| Items from a dataset |
[Start of section]

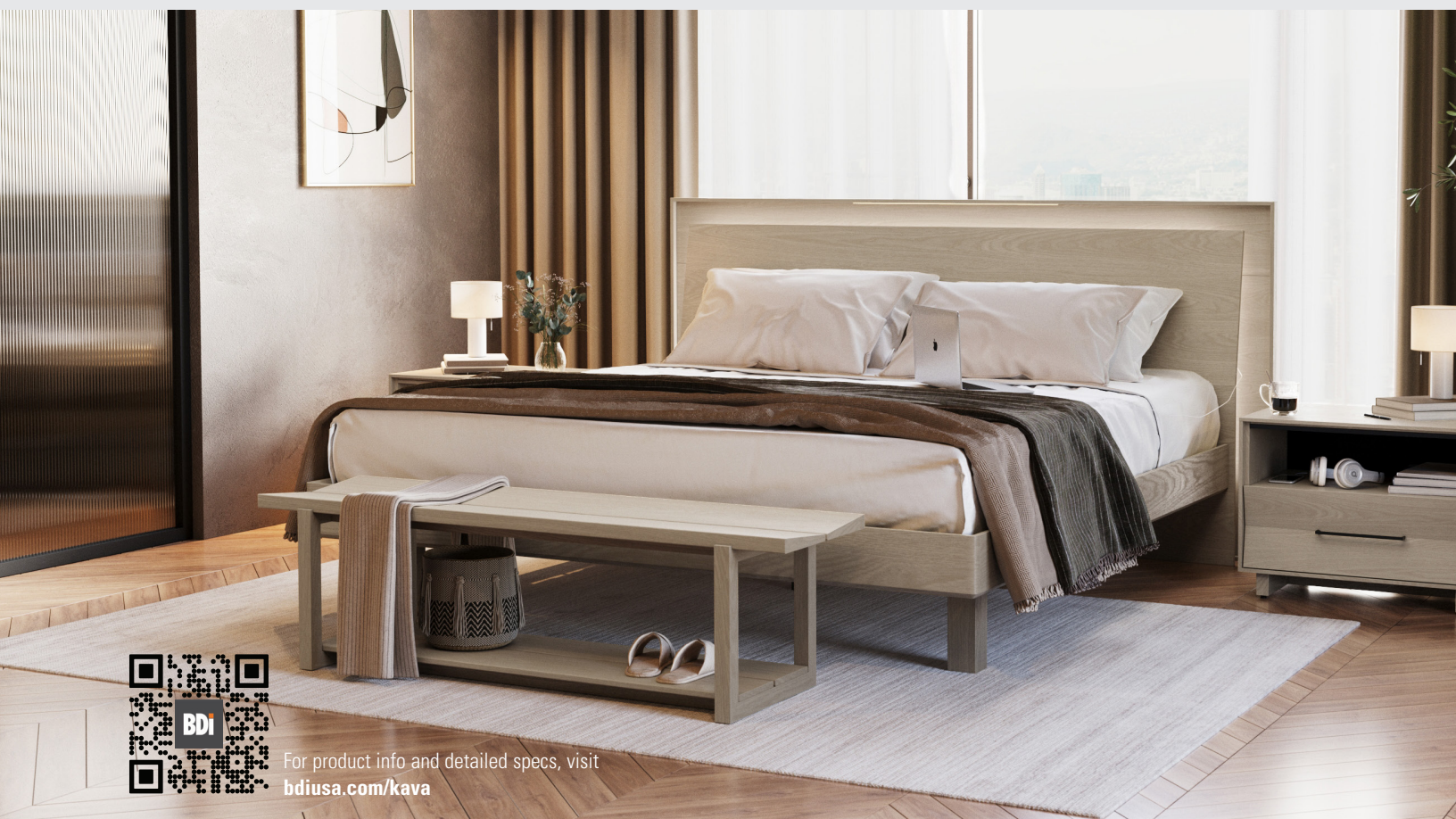
Platform Position: Low Frame Position: Low Platform Height: 8 in | 21 cm
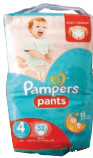
PAMPERS ACT B/PANT MAX JUMB 52 NO4 9-14K PRODUCT CODE: 82606
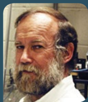
Hugh Davson Distinguished Lectureship of the APS Cell and Molecular Physiology Section
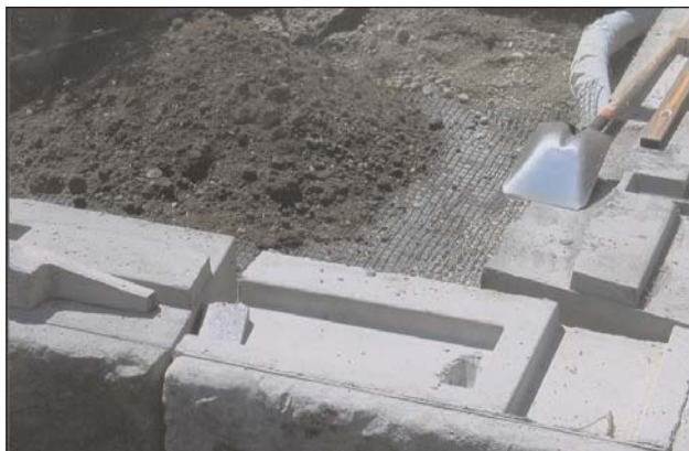
Miragrid® 5XT was placed every 40 cm (16 in) throughout the wall.
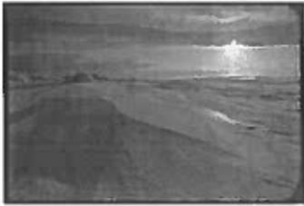
Page 7 - March 12, 2018
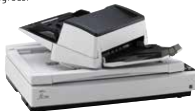
180 degrees movable ADF

Both scanner models feature a unique market proven design concept that adjusts to individual user preferences and requirements. The fi-7700's ADF unit slides to either side or rotates by 180 degrees.
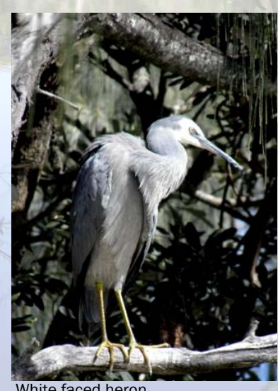
White faced heron
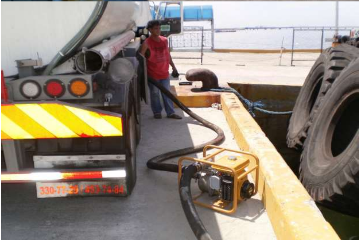
Supply of diesel fuel for tug consumption in Bataan.
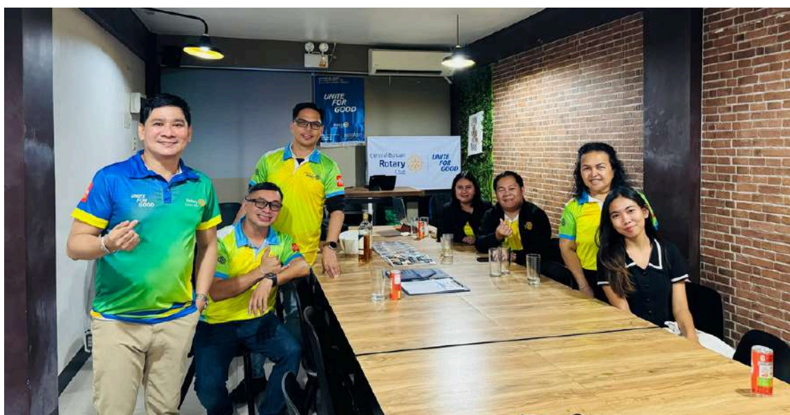
14th Regular Club Meeting
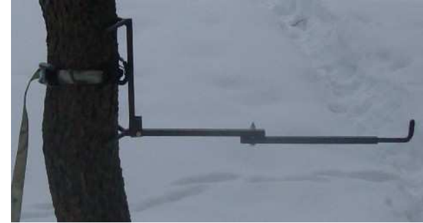
Unlike Screw-in style hangers this hanger Will not twist out if something heavier (like a gun) is hung from the side. It is locked and secure.
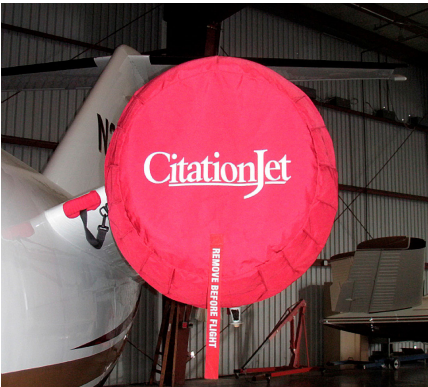
Cessna Citation Engine Cover Set
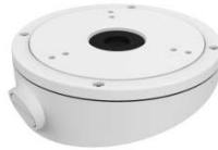
1281ZJ-M Inclined Ceiling Mount
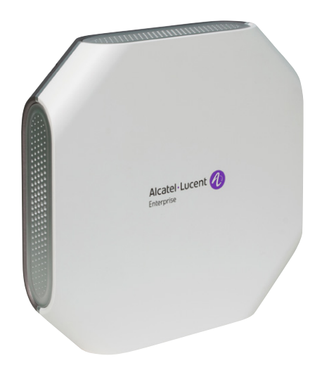
OmniAccess Stellar AP1201 indoor Wi-Fi access point
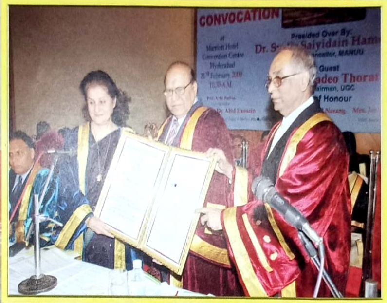
اردو یونیورسٹی کے تیسرے جلسہ تقسیم اسناد کا شاندار انعقاد
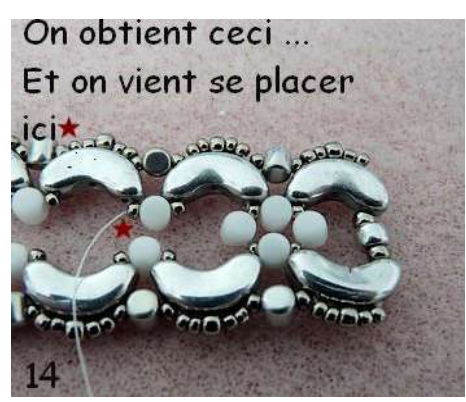
14) We will have this. Pass through the beads and go out through the SB15 (red star).
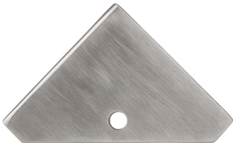
Wall mounting side view:
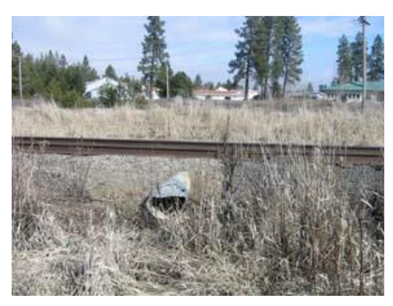
Figure 15: Culvert under railroad between Schafer and Dishman/Mica
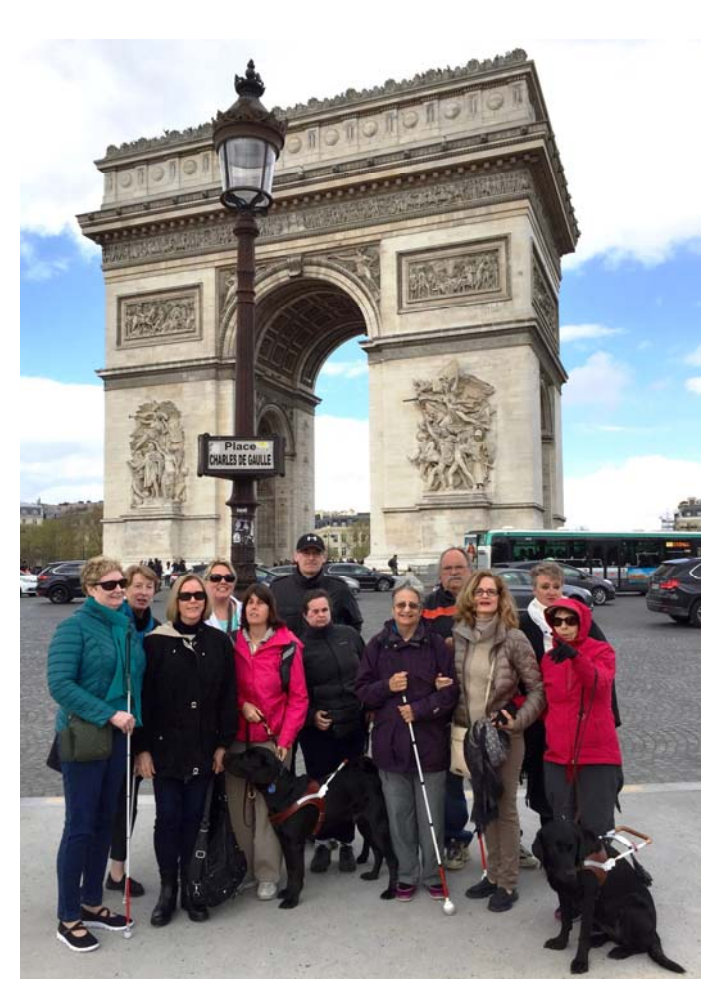
The travel group in front of the Arc de Triomphe in Paris

Prior to departing, we had to organize paperwork for ourselves and our guide dogs. Obtaining passports was a speedy process; filling out the forms for the dogs' access took more time, how-
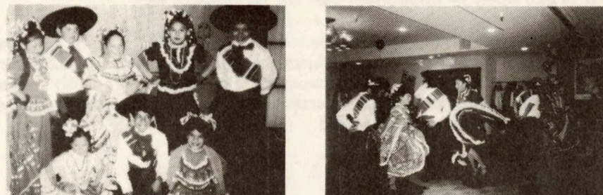
Some of the members of the children's group.

For four consecutive years, Raices de Mexico has performed at the University of California Cinco de Mayo celebrations held at the Greek Theater in Berkeley, as well as for the Medical School at San Francisco State University, including other primary and secondary schools in the Bay Area.
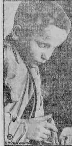
This six-year-old lad is just one of thousands of Polish orphans who earn their daily bread in factory work. This one gets 10 marks a day for making clay toys. That's about one-fourth of a cent.
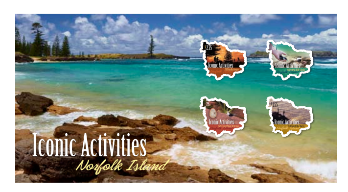
First Day Cover illustration
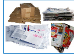
Cereal Boxes, Newspaper, Magazine, Mail, Cardboard & Paper Tubes

Dear Oberlin Residents and Recycling Customers,
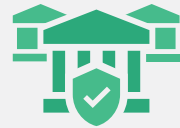
FDIC-insured Program Banks

We deposit your cash into one or more of the banks we partner with
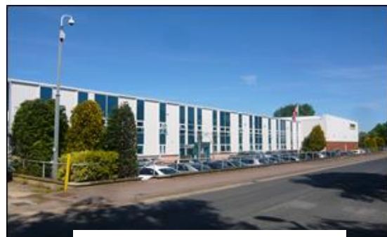
Current site in Banbury
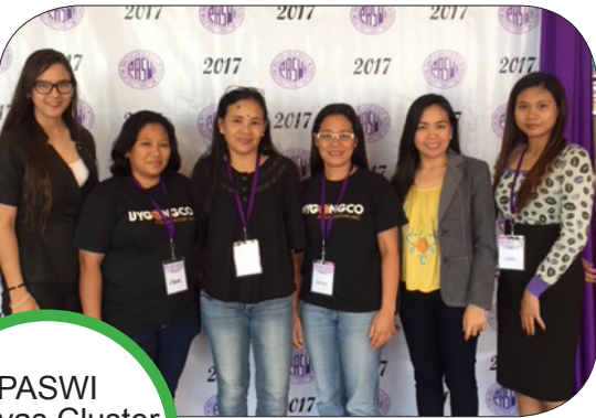
PASWI Visayas Cluster Convention
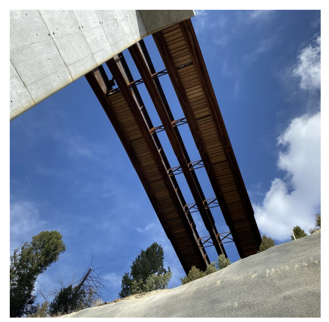
False decking in bays 1 & 4. Picture from between Pier 3 and soil nail wall
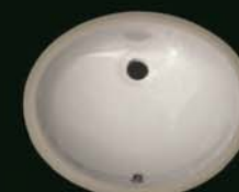
T-1512 White OD: 17" x 14" ID: 15" x 12"
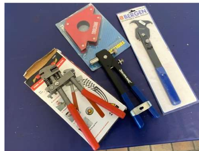
58. M - HOLE PUNCH/RIVET GUN/SEAL PULLER & WELDING MAGNET
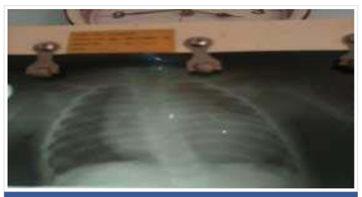
Figure 1: Chest Radiograph showing cardiomegaly (CTR-75%) of left ventricular dominance, right atrial dilatation and lung plethora.

The child was placed on intranasal O2, intravenous antibiotics, isoproterenol, and furosemide with pacemaker implantation and cardiac surgical evaluation kept in view. However, she remained oxygen-dependent and persistently bradycardic (40-60 bpm) throughout admission. Parents signed against medical advice after 1 week of admission despite adequate counseling.
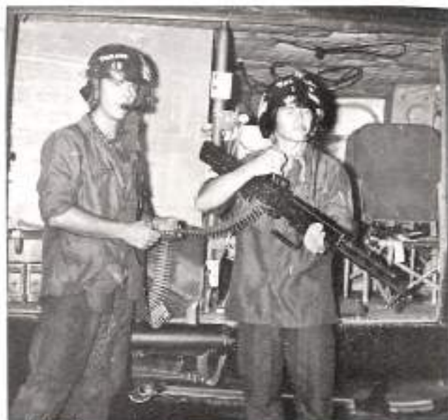
We always kill with a smile on our face.
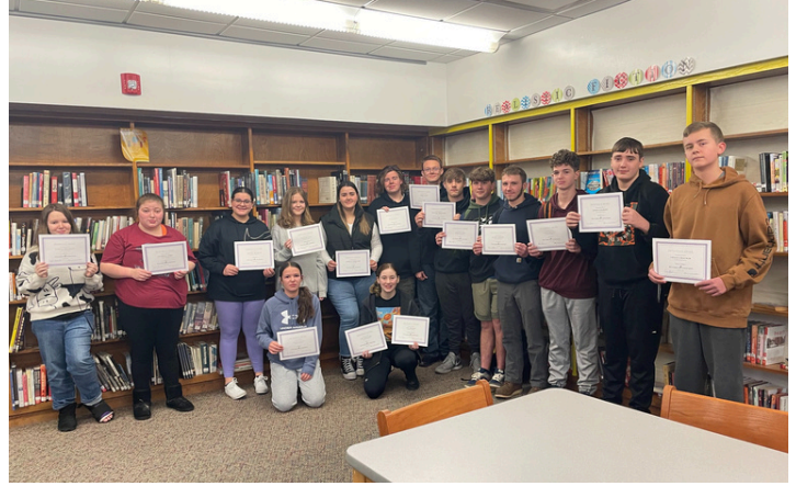
JANUARY 2024 STUDENT RECOGNITION AWARDS
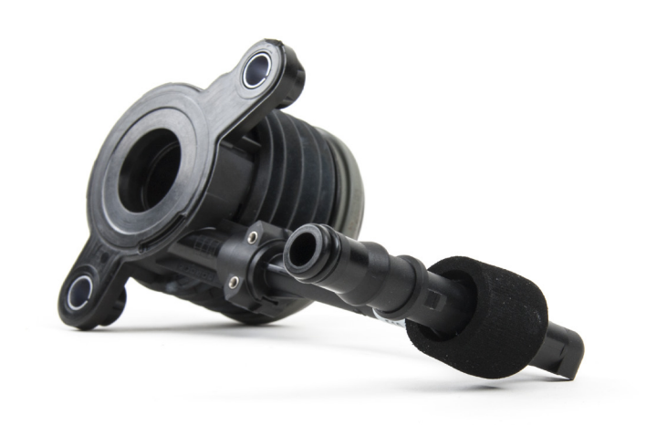
Fig. 2: Concentric slave cylinder with large hydraulic connection

Please observe the vehicle manufacturer specifications!
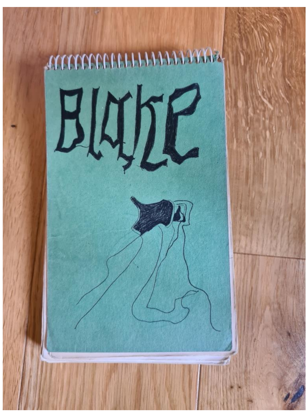
A notebook I wrote when I was 20 years old in 1988.

Now these notebooks have become part of my memory, because I itemised the minutiae of my lived experiences.
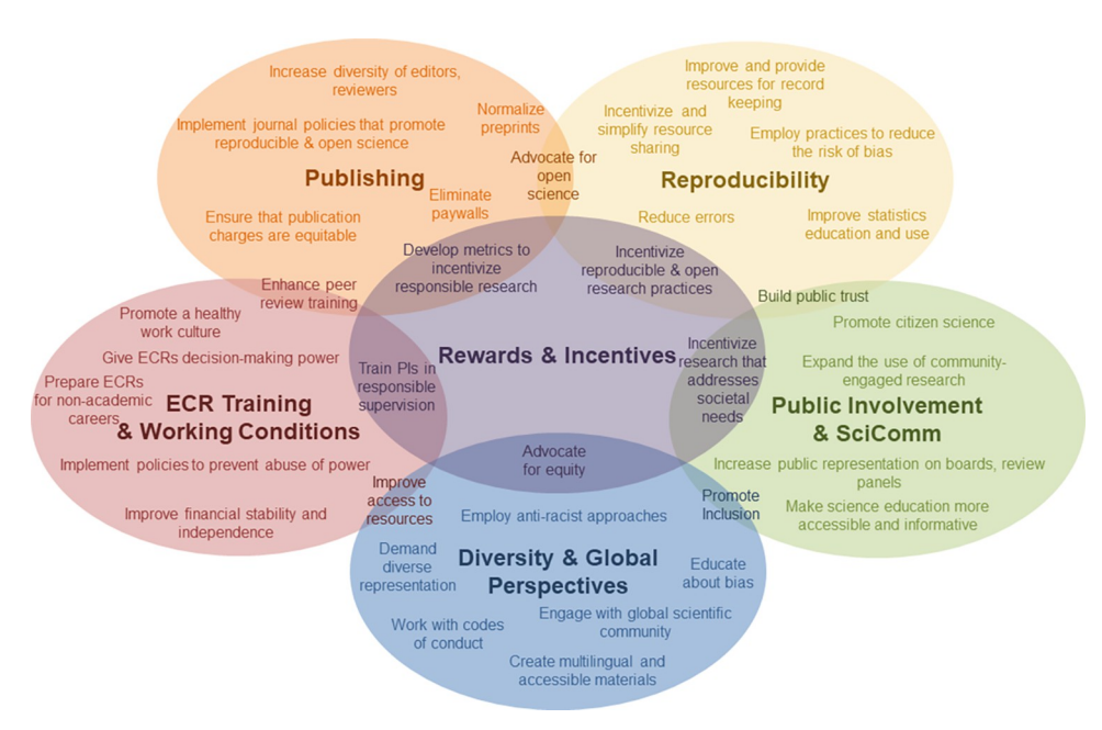
Fig 1. Themes of scientific reform efforts. Common themes of science reform work include publishing, reproducibility, public involvement and science communication, diversity and global perspectives, ECR training and working conditions, and rewards and incentives. This figure provides a general overview of some themes included in each topic and overlapping areas. It is impossible to display all themes and overlapping areas.

https://doi.org/10.1371/journal.pbio.3001680.g001

[End of section]

| Assignment |
List all lines above in which the string "between" appears.

| Result of the exercise |
Figure 15: Culvert under railroad between Schafer and Dishman/Mica
False decking in bays 1 & 4. Picture from between Pier 3 and soil nail wall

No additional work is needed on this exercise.